Dangers of 'Bashing'

THE murder of a Japanese businessman in the southern California town of Camarillo last week sounded an alarm. While the case is still under investigation, the killers' motives appeared to involve resentment over Japan's economic penetration of the United States and the loss of American jobs.

It's far from certain that this crime fits into a pattern of similar incidents in the US. Racial motives have not, so far, surfaced in the murder of a visiting Japanese college president in Boston a week earlier. Many in the Japanese-American community, however, believe that animosity toward their ethnic group is mounting, fed by economic tensions. They cite numerous incidents of racial harrassment.

The immediate danger is that some people - swayed by such currently pervasive political themes as "buy American," protect US jobs, and get tough with Japan - might fail to distinguish between international disputes and attitudes toward individuals.

Trade disagreements with Japan should not cast a shadow over Japanese- or other Asian-Americans (or Asians visiting here), any more than the Gulf war should have put Iraqi-Americans at risk.

Around the fringes of society, however, are people who aren't constrained by standards of decency and justice and who are willing to attack individuals because they're seen as part of a hated group.

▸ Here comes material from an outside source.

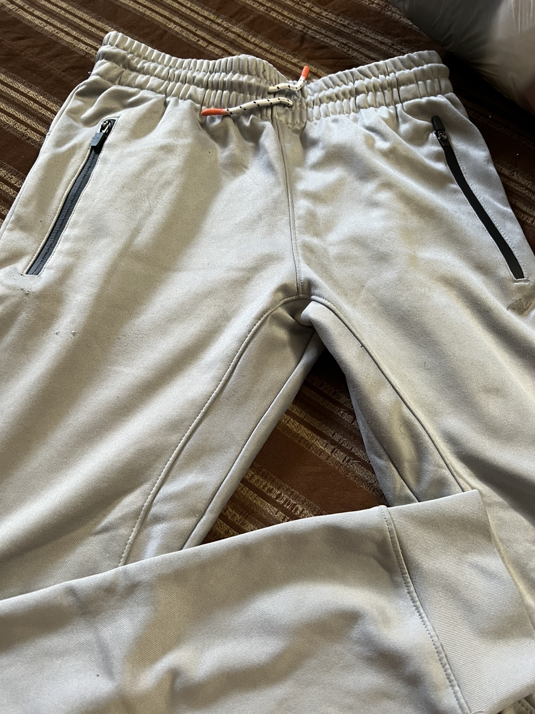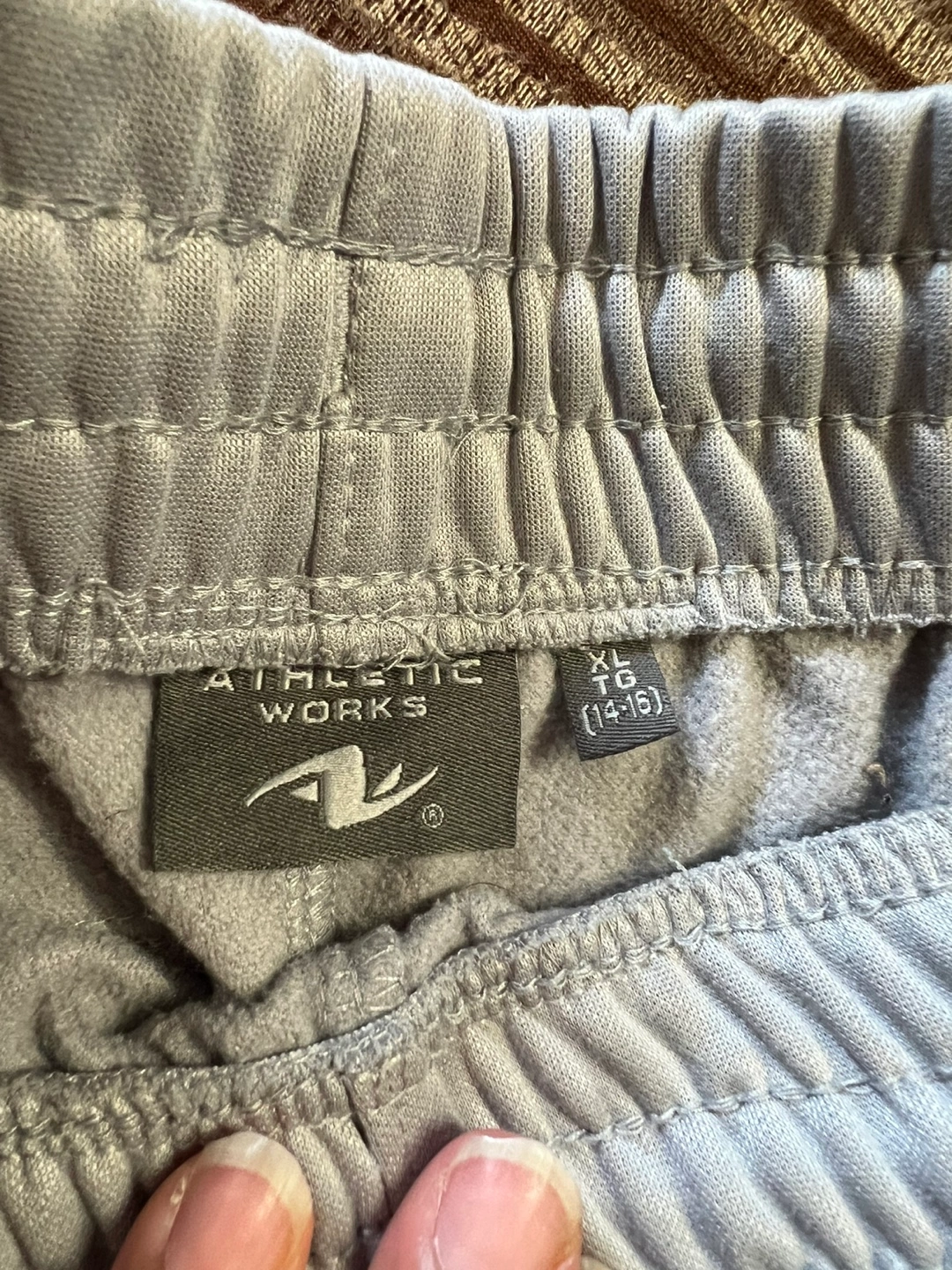 Selling a pair of Athletic Works pants in size XL (14-16). They're a nice light grey colour and feature zippered pockets. Great for sports or just lounging around!

At times of economic and social stress, those fringes may grow.

Political rhetoric can stimulate that growth, unless politicians are careful to make their own distinctions between criticism of a foreign nation and respect for Americans, or other individuals, with ties to that nation.

"Japan-bashing" has always been a bad idea, not just because the economic reasoning behind it is faulty given the interdependence between much Japanese and American industry, but because it can play so easily into racial scapegoating.